* _Exercise prompt_:
Repeat every record word for word and omit the images.

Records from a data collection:
·····

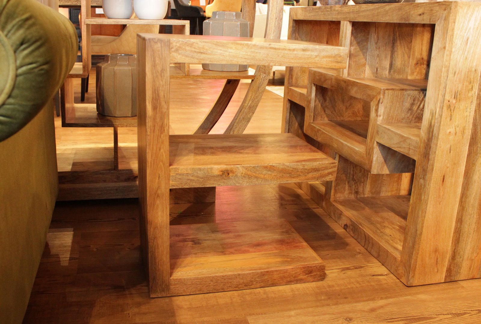 Images show Cuban E Table / 'E' Shelving unit in Mango, Rosewood and Sheesham wood.
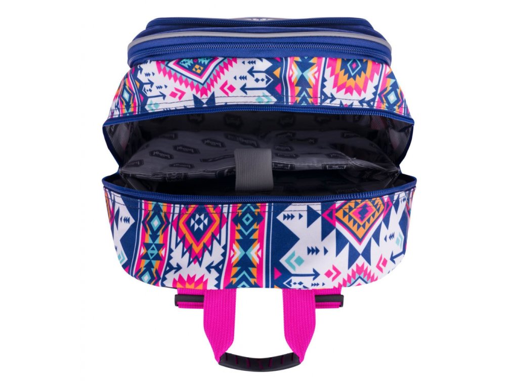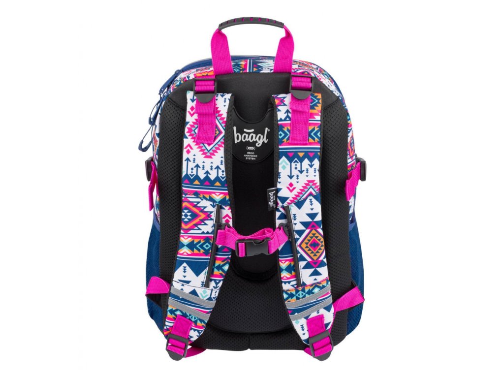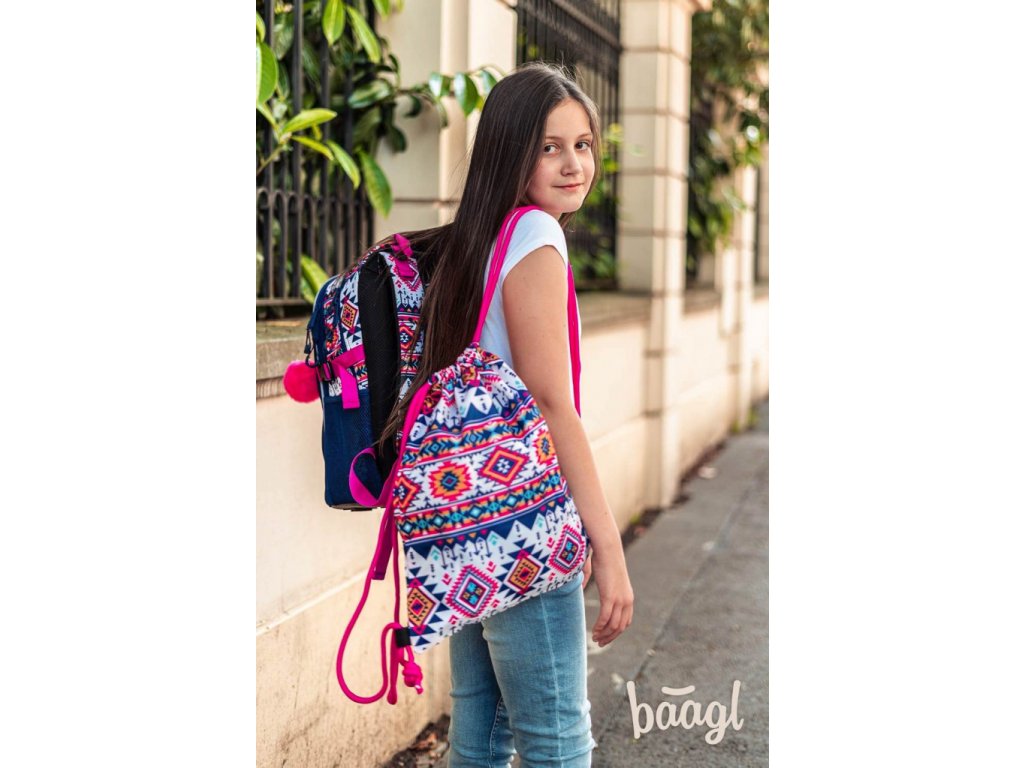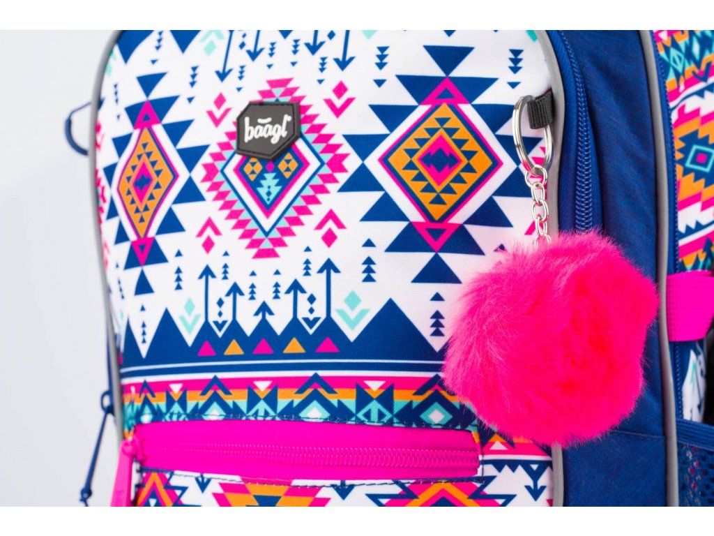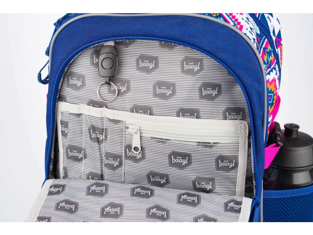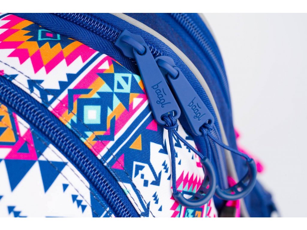 Školní batoh Baagl Core Boho je vymakaný do posledního detailu. Má 3 samostatné komory na zip. V té zadní je kapsa na 15 palcový notebook či tablet a v té přední kapsa na drobnosti a na tužky. Nechybí ani poutko na klíče a schované překvapení v podobě trendy náramku. V přední části batohu je navíc malá kapsa na zip na drobnosti.
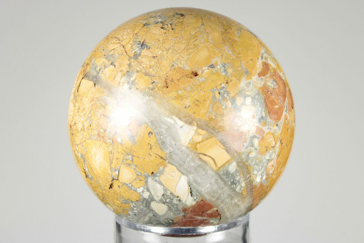 This is a 2" wide, polished sphere of maligano jasper from Sulawesi, Indonesia. It comes with the pictured stand.
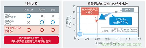 为适应上述汽车市场对SBD的要求,罗姆推出了200V耐压肖特基势垒二极管。据水原德健介绍,该款产品意在替换目前汽车市场中普遍应用的FRD。
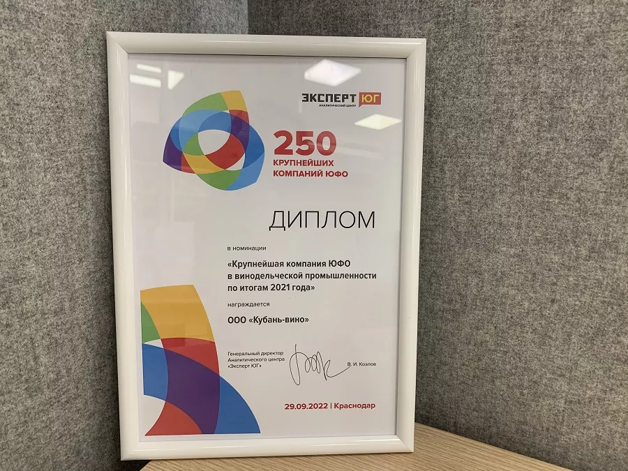 В рамках форума состоялась церемония награждения крупнейших региональных компаний, вошедших в рейтинг топ-250 аналитического центра «Эксперт Юг». Винодельня «Кубань-Вино» стала победителем в номинации «Крупнейшая компания ЮФО в винодельческой промышленности».
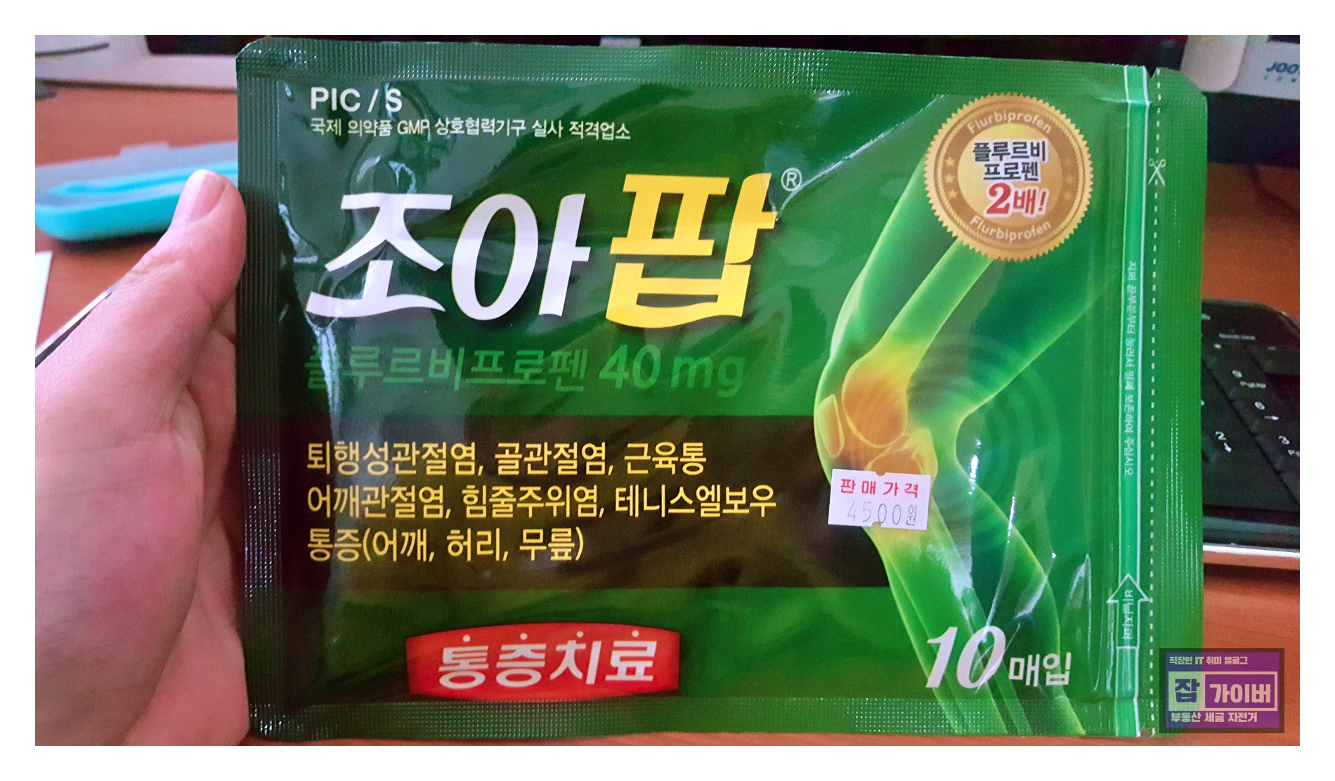 | 조아팝 파스 | 근육통, 관절염, 염증 완화 | 약국 | 4,000원 ~ 6,000원 |

·····

* _Exercise solution_:
 Images show Cuban E Table / 'E' Shelving unit in Mango, Rosewood and Sheesham wood.
 Školní batoh Baagl Core Boho je vymakaný do posledního detailu. Má 3 samostatné komory na zip. V té zadní je kapsa na 15 palcový notebook či tablet a v té přední kapsa na drobnosti a na tužky. Nechybí ani poutko na klíče a schované překvapení v podobě trendy náramku. V přední části batohu je navíc malá kapsa na zip na drobnosti.
 This is a 2" wide, polished sphere of maligano jasper from Sulawesi, Indonesia. It comes with the pictured stand.
 为适应上述汽车市场对SBD的要求,罗姆推出了200V耐压肖特基势垒二极管。据水原德健介绍,该款产品意在替换目前汽车市场中普遍应用的FRD。
 В рамках форума состоялась церемония награждения крупнейших региональных компаний, вошедших в рейтинг топ-250 аналитического центра «Эксперт Юг». Винодельня «Кубань-Вино» стала победителем в номинации «Крупнейшая компания ЮФО в винодельческой промышленности».
 | 조아팝 파스 | 근육통, 관절염, 염증 완화 | 약국 | 4,000원 ~ 6,000원 |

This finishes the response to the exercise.